[Failing Test]: JmsIOTest. testCheckpointMark flaky
What happened?
Example run: https://github.com/apache/beam/runs/21250090063 (an PR unrelated to Jms):
java.lang.AssertionError
at org.junit.Assert.fail(Assert.java:87)
at org.junit.Assert.assertTrue(Assert.java:42)
at org.junit.Assert.assertTrue(Assert.java:53)
at org.apache.beam.sdk.io.jms.JmsIOTest.testCheckpointMark(JmsIOTest.java:463)
at sun.reflect.NativeMethodAccessorImpl.invoke0(Native Method)

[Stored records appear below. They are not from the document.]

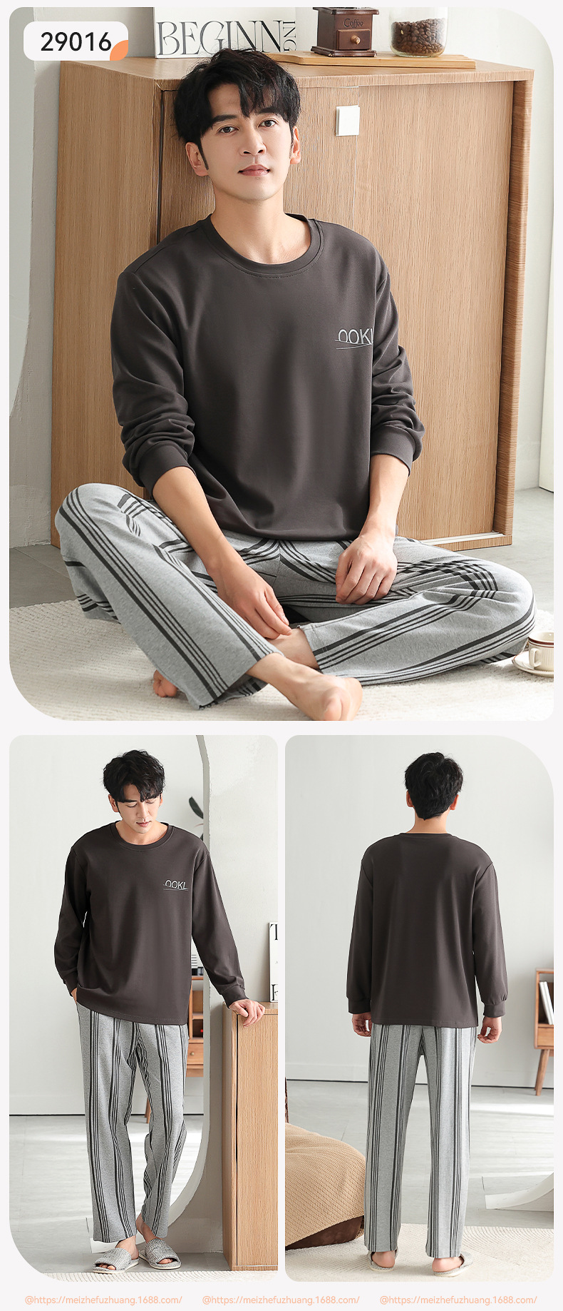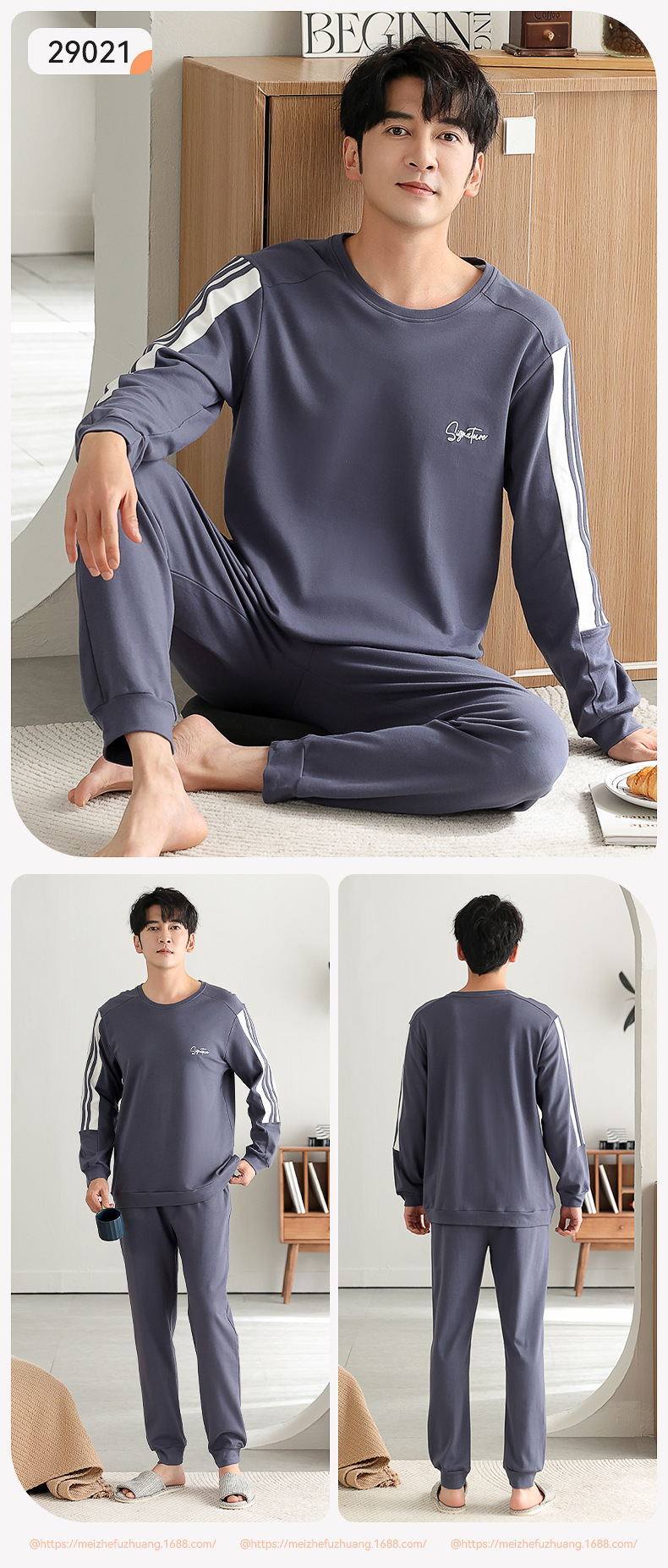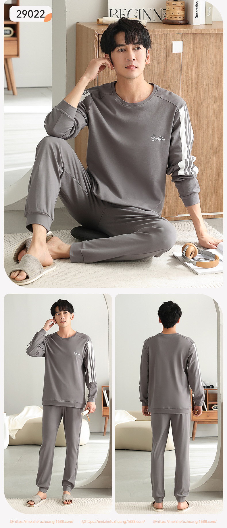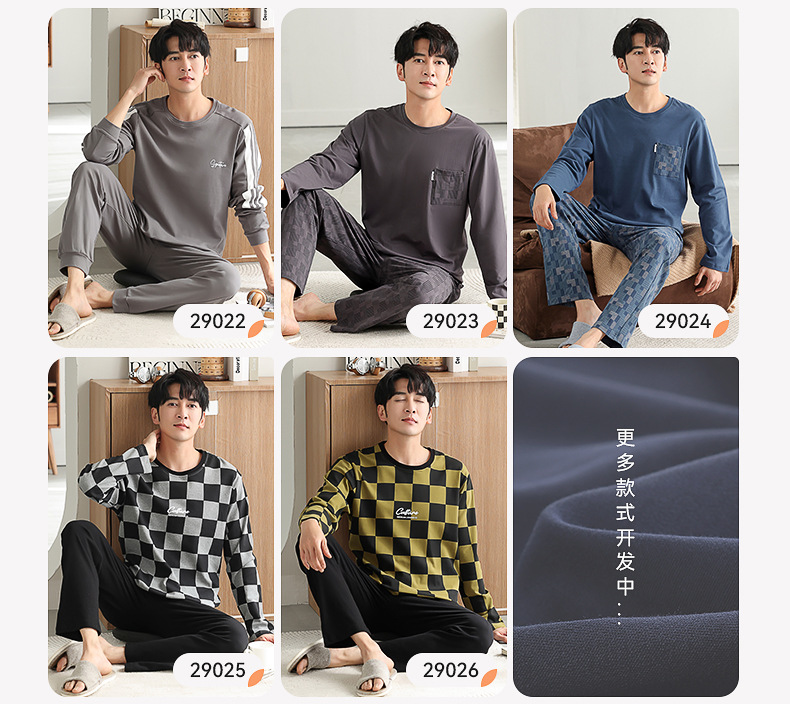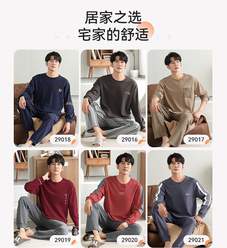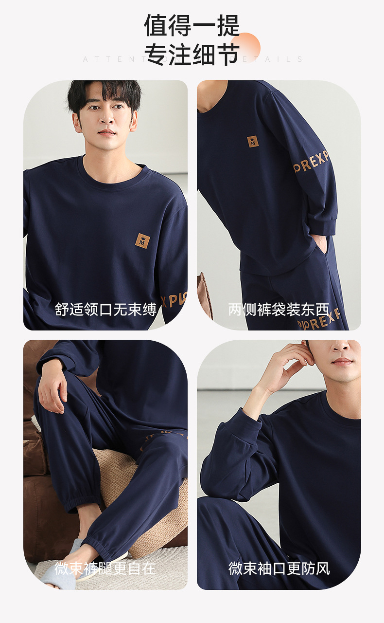 가을과 겨울 세트 순면 남성 잠옷 간단한 라운드 넥 홈 편안한 캐주얼 겉옷 긴 소매 플러스 사이즈 가정 옷스토어 가기
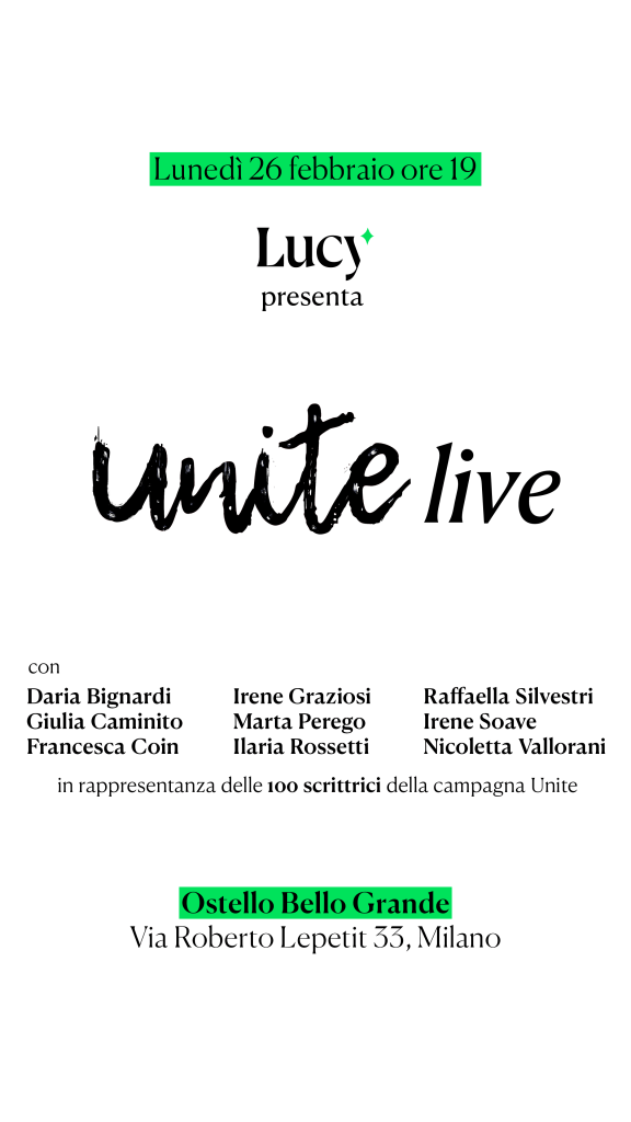 Il primo evento live di #Unite, l’azione letteraria di scrittrici e giornaliste contro la violenza di genere, si terrà a Milano lunedì 26 febbraio, ore 19, con la cura di Lucy. Sulla Cultura.
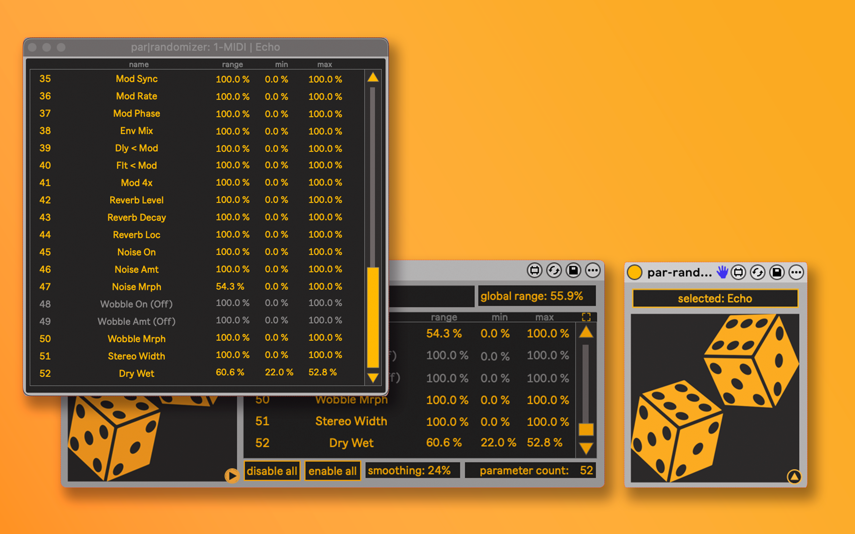 | Description: | Par|randomizer 2 looks much the same as its predecessor, but adds a lot of subtle extra functionality, making it much more of a powerful tool! Just like version 1, it's a Max4Live device that allows you to randomize the parameters of any device/plugin you map it to. But here's what's new: New Features: • intelligent randomization: randomization balanced around the current value, reducing bias towards center • Mappable global range control • Individual parameter range control • Individual parameter min & max control • parameter list with inline range, min & max editing • floating window for larger parameter list & controls • parameter smoothing for more subtle/moving effects. • retains parameters on re-mapping to device with same parameters (so you can retain parameters even when copy-pasting/duplicating par-randomizer 2 and mapped device, or remap to other instance of same device type without losing your settings) • Full path indication What was already there: • Full recall of all par-randomizer parameters • high performance, even with hundreds of parameters • map/ automate randomization • Possible to undo randomization • Comprehensive parameter list • disable/enable parameters • Full visual feedback about when parameters are not randomized • very fast workflow • simple disable/enable by disabling device So, lots of things there, from generating ever-moving glitch effects, to subtle movements, or just to click through & generate some surprising presets until you find something you like! You can view an awkward video where I try to showcase some of the features and uses here... I genuinely hope you find this device inspiring! Make some great music, and have some fun in the meantime! Cheers, Sander | Fluxwork Updates: v2.0.1 - 08-12-2025: - added support for Max 8/Ableton 11, probably below too. - fixed a bug limiting the maximum number of parameters to 127. It should go up to over 16.000 now, theoretically 😇 |
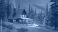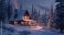 • At dusk, a cozy traditional wooden cabin sits in a tranquil winter pine forest, completely covered in a thick blanket of fresh snow, with a dramatic starry night sky above.
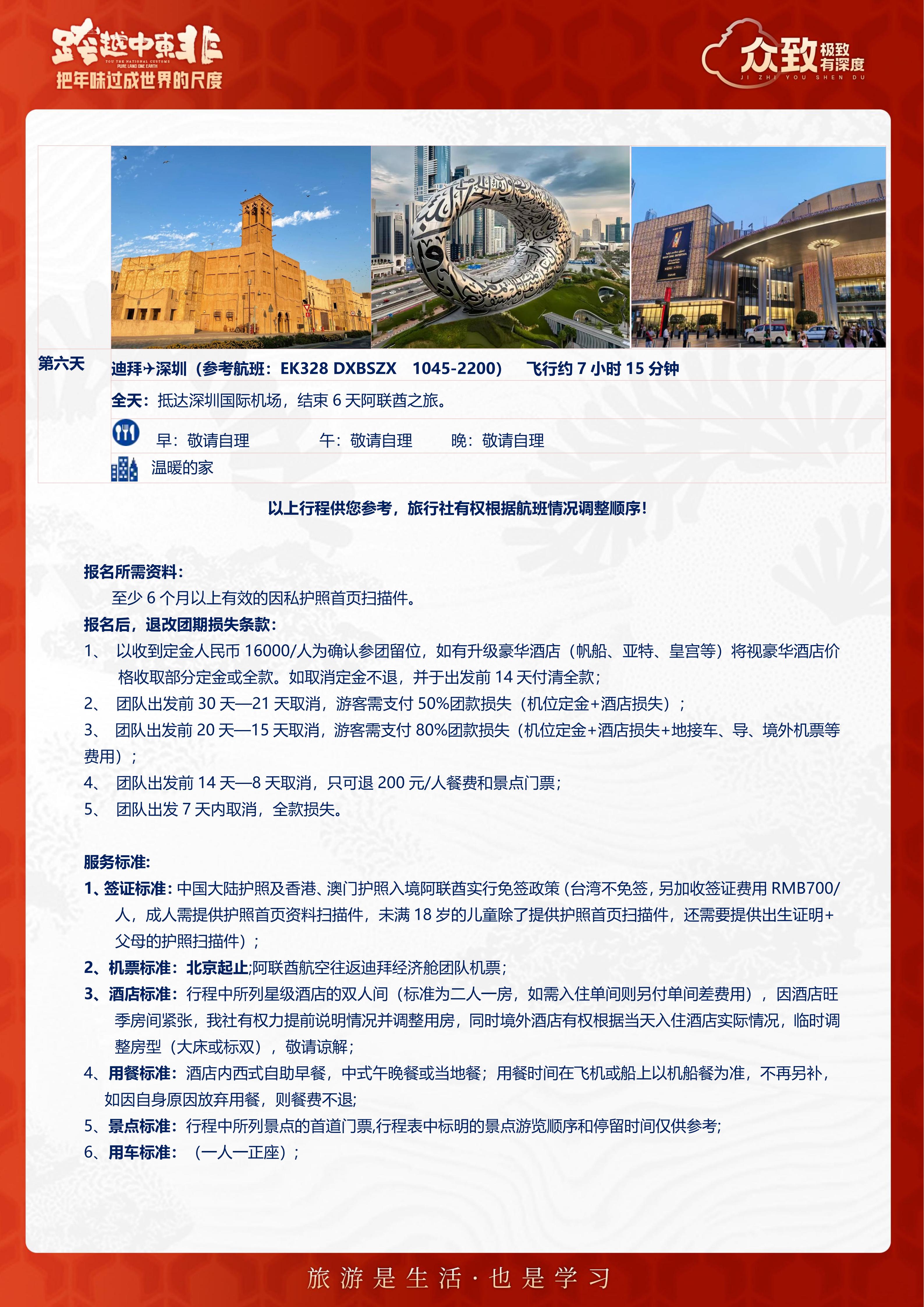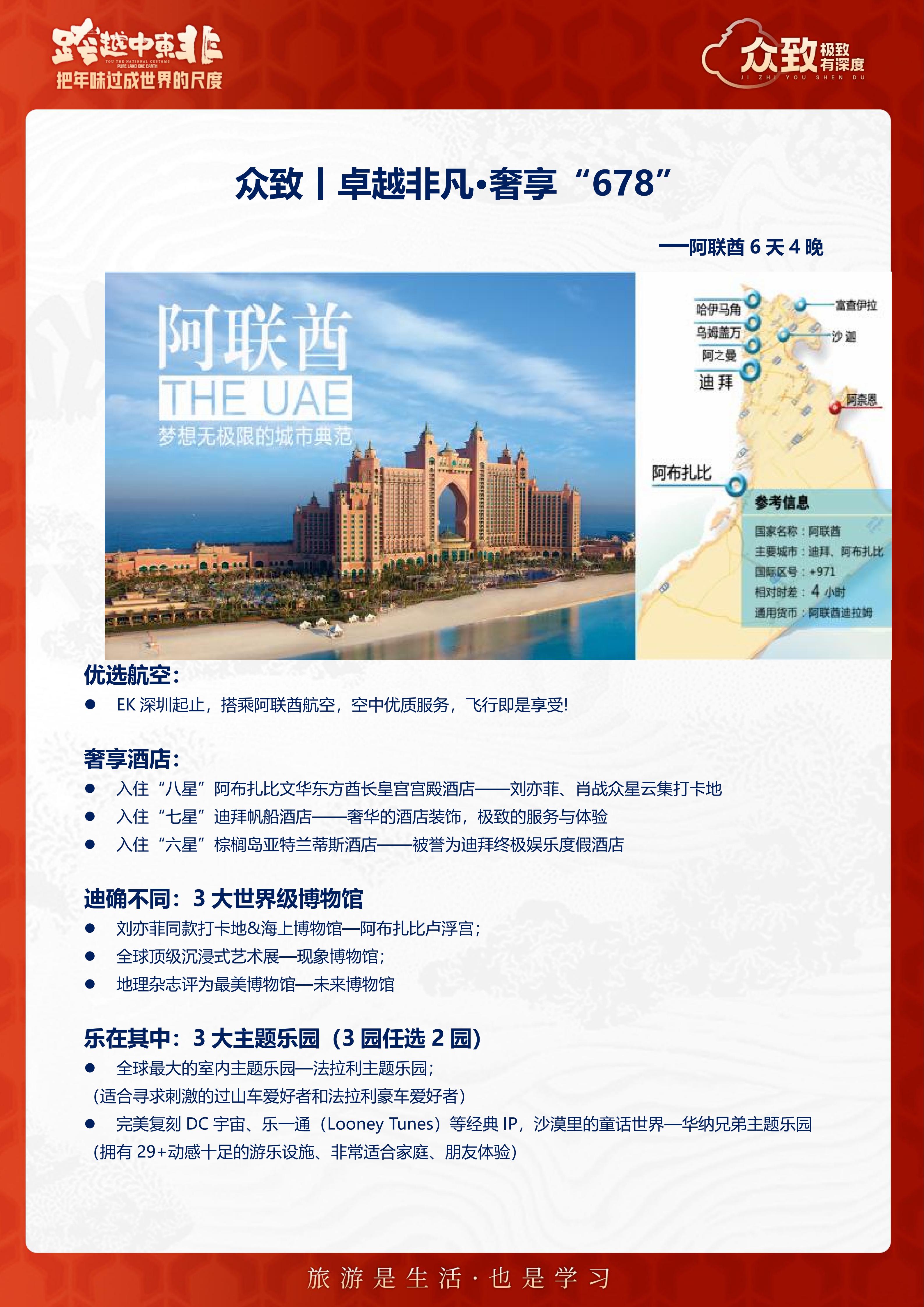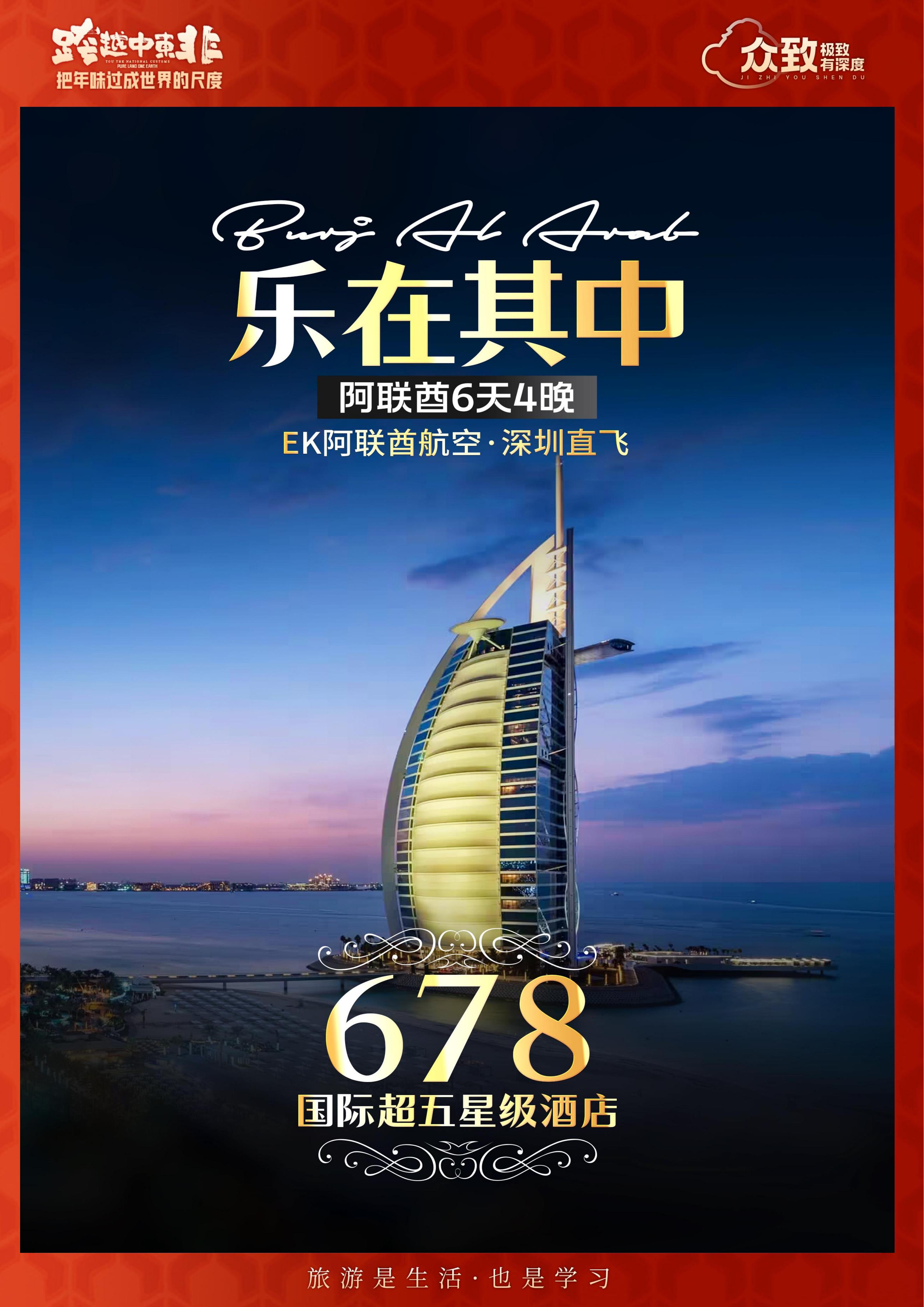 【春节】<阿联酋迪拜6天4晚尊享团-深圳直飞往返>1晚八星文华东方酋长皇宫宫殿酒店+1晚七星迪拜帆船酒店+六星亚特兰蒂斯酒店+3 大主题乐园(3选2)、阿布扎比总统府、棕榈岛观景平台52层、未来博物馆
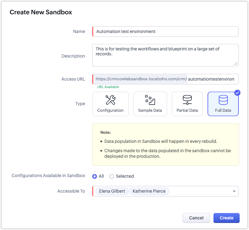 Se si desidera testare le configurazioni in un ambiente che corrisponde esattamente al proprio account live, è possibile scegliere il popolamento completo dei dati. Questo crea una replica completa dell'account di produzione, inclusi tutti i moduli standard e personalizzati con i relativi record. Consente di eseguire test approfonditi utilizzando dati in tempo reale prima della distribuzione.
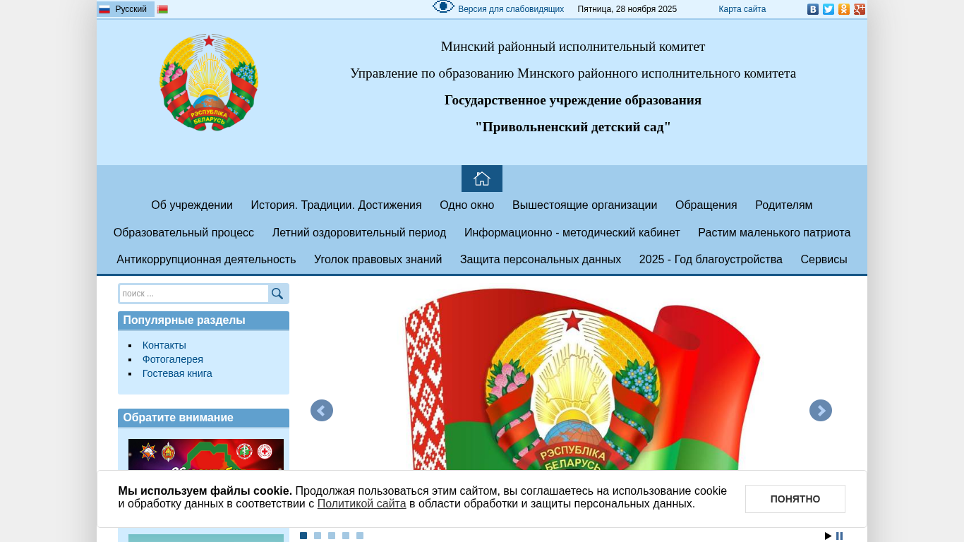 | AI-анализ | --- This online resource is the official website of the "Privolnyensky Kindergarten," a state educational institution located in the city of Minsk, Belarus. The site provides information about the kindergarten, its history, traditions, achievements, and educational process. It includes sections on the organizational structure, enrollment, and contact details. The site is available in both standard and accessible versions for visually impaired users. The kindergarten has 93 students and operates from 7:30 AM to 6:00 PM, Monday through Friday. The site includes a photo gallery, guestbook, and popular sections on the state's symbolism, the kindergarten's milestones, and services offered. The site also features a contact form, social media links, and news updates. The domain name is "du-privolnyj.minsk.edu.by |

Fails at here: https://github.com/apache/beam/blob/d5aa44c9ba9eb910774d789dd4182a5d25d8f552/sdks/java/io/jms/src/test/java/org/apache/beam/sdk/io/jms/JmsIOTest.java#L463
In fact, consumer.receiveNoWait call at https://github.com/apache/beam/blob/d5aa44c9ba9eb910774d789dd4182a5d25d8f552/sdks/java/io/jms/src/main/java/org/apache/beam/sdk/io/jms/JmsIO.java#L559
never guarantees a message will be returned when there are still unacked message on the server: https://stackoverflow.com/questions/36626634/does-jms-receivenowait-guarantee-message-delivery-when-messages-are-available
So there is a chance that the call returns null and fails assert
Issue Failure
Failure: Test is flaky
Issue Priority
Priority: 2 (backlog / disabled test but we think the product is healthy)
Issue Components
- [ ] Component: Python SDK
- [ ] Component: Java SDK
- [ ] Component: Go SDK
- [ ] Component: Typescript SDK
- [ ] Component: IO connector
- [ ] Component: Beam YAML
- [ ] Component: Beam examples
- [ ] Component: Beam playground
- [ ] Component: Beam katas
- [ ] Component: Website
- [ ] Component: Spark Runner
- [ ] Component: Flink Runner
- [ ] Component: Samza Runner
- [ ] Component: Twister2 Runner
- [ ] Component: Hazelcast Jet Runner
- [ ] Component: Google Cloud Dataflow Runner
The underlying cause is that there is no guarantee receiveNoWait here: https://github.com/apache/beam/blob/27f1c0774fd93e846de9a8b668e6effc5a41eb10/sdks/java/io/jms/src/main/java/org/apache/beam/sdk/io/jms/JmsIO.java#L559
return a nonnull value when there is pending record in the server side, per JMS specification. This can also affects integration test for the same reason, as we see not all records are read within timeout.